EXERCISE DATA:
::::
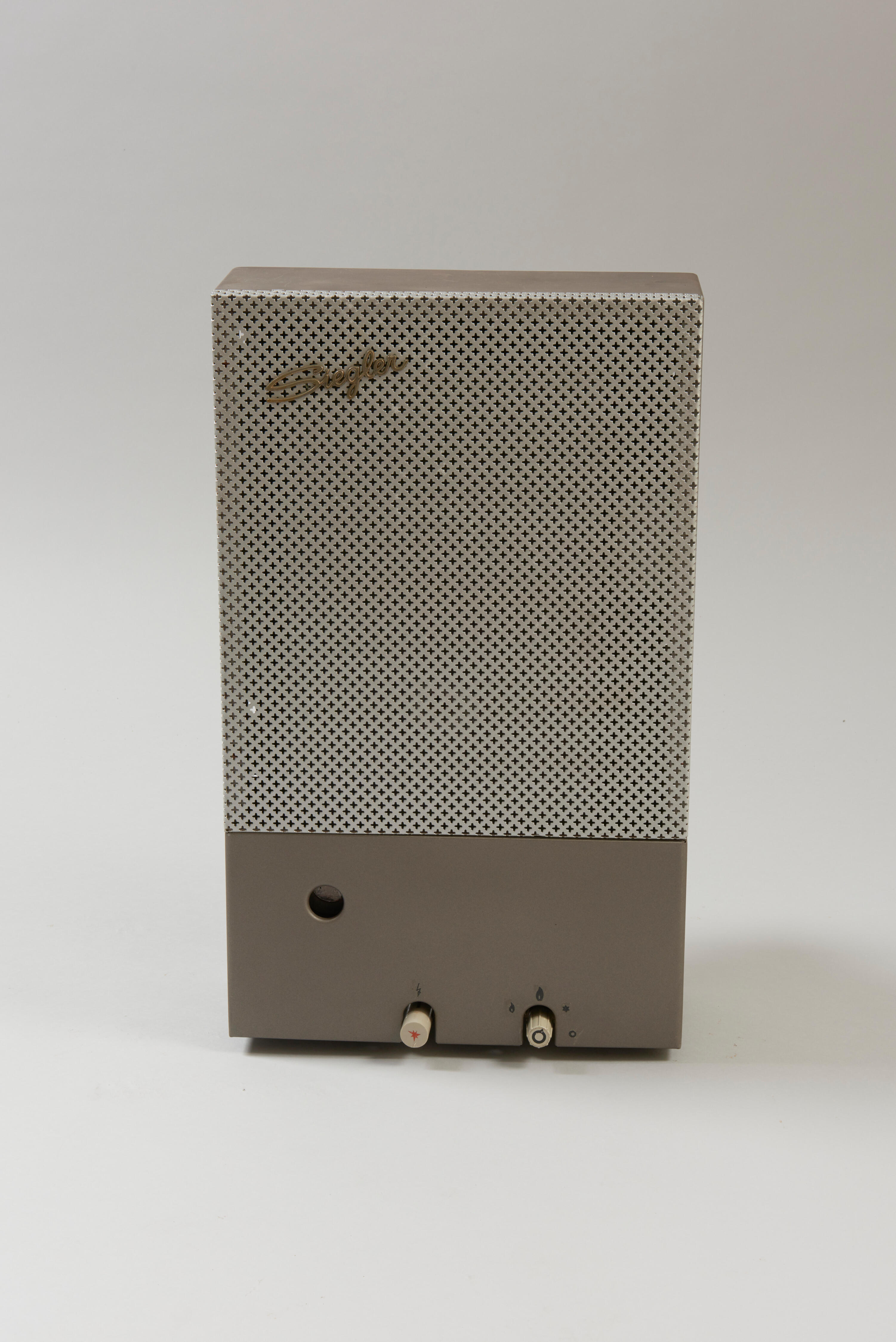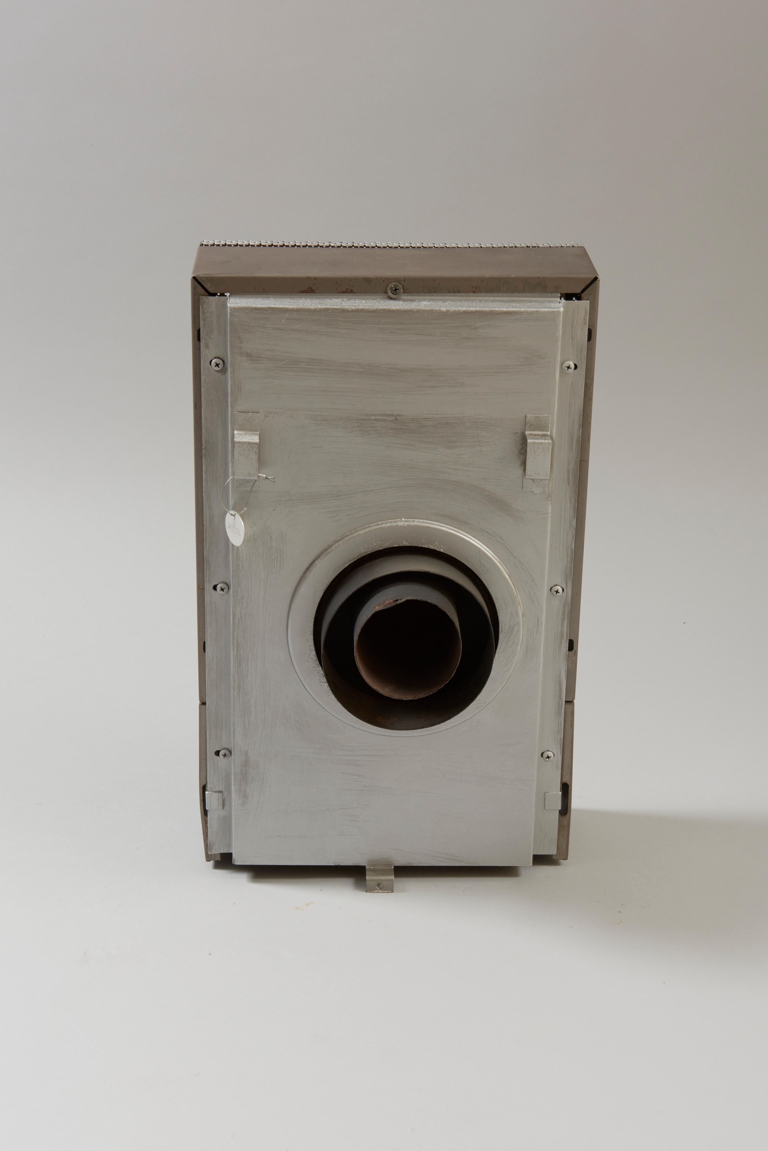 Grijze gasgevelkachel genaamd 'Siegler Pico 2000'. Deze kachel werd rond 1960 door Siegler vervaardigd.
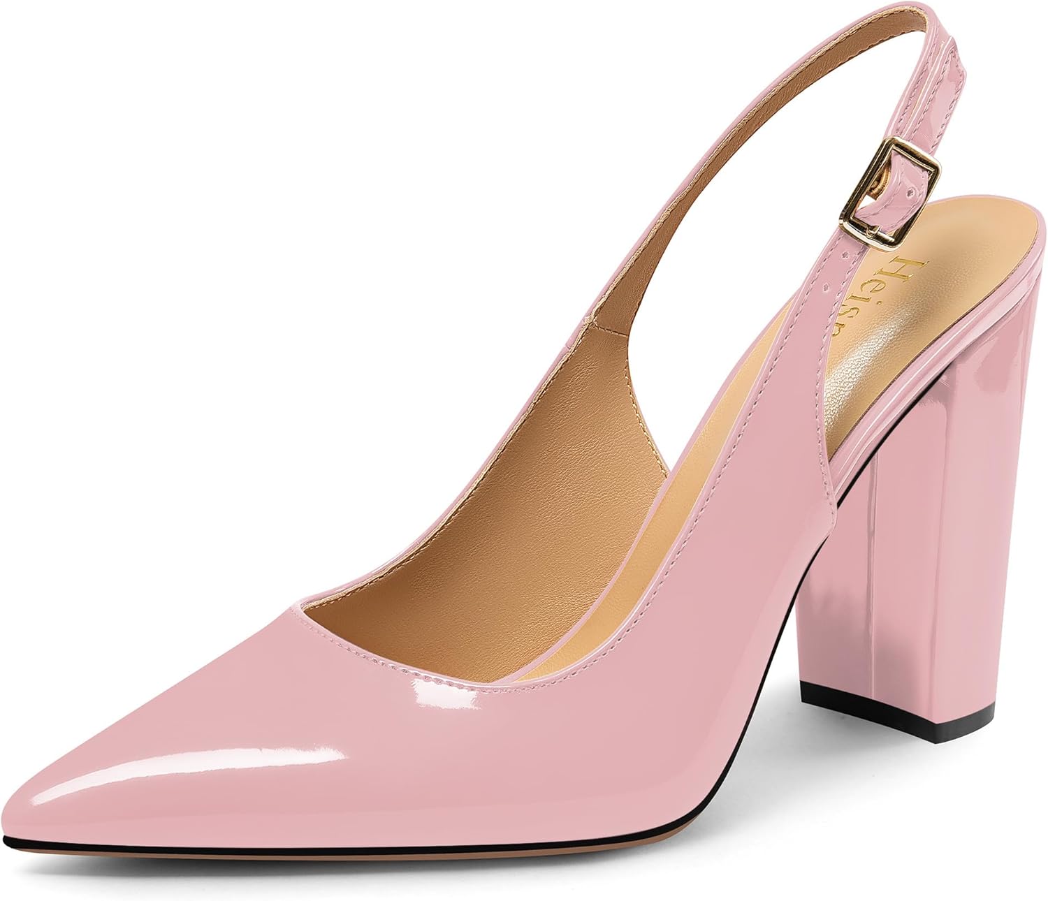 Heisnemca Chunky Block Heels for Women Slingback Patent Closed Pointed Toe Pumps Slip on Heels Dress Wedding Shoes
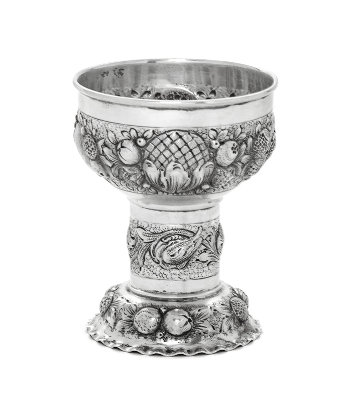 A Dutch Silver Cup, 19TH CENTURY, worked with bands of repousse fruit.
::::
GOAL OF THE EXERCISE: Word for word, restate all of the material above except its pictures.

OUTPUT OF THE EXERCISE:
 Grijze gasgevelkachel genaamd 'Siegler Pico 2000'. Deze kachel werd rond 1960 door Siegler vervaardigd.
 Heisnemca Chunky Block Heels for Women Slingback Patent Closed Pointed Toe Pumps Slip on Heels Dress Wedding Shoes
 A Dutch Silver Cup, 19TH CENTURY, worked with bands of repousse fruit.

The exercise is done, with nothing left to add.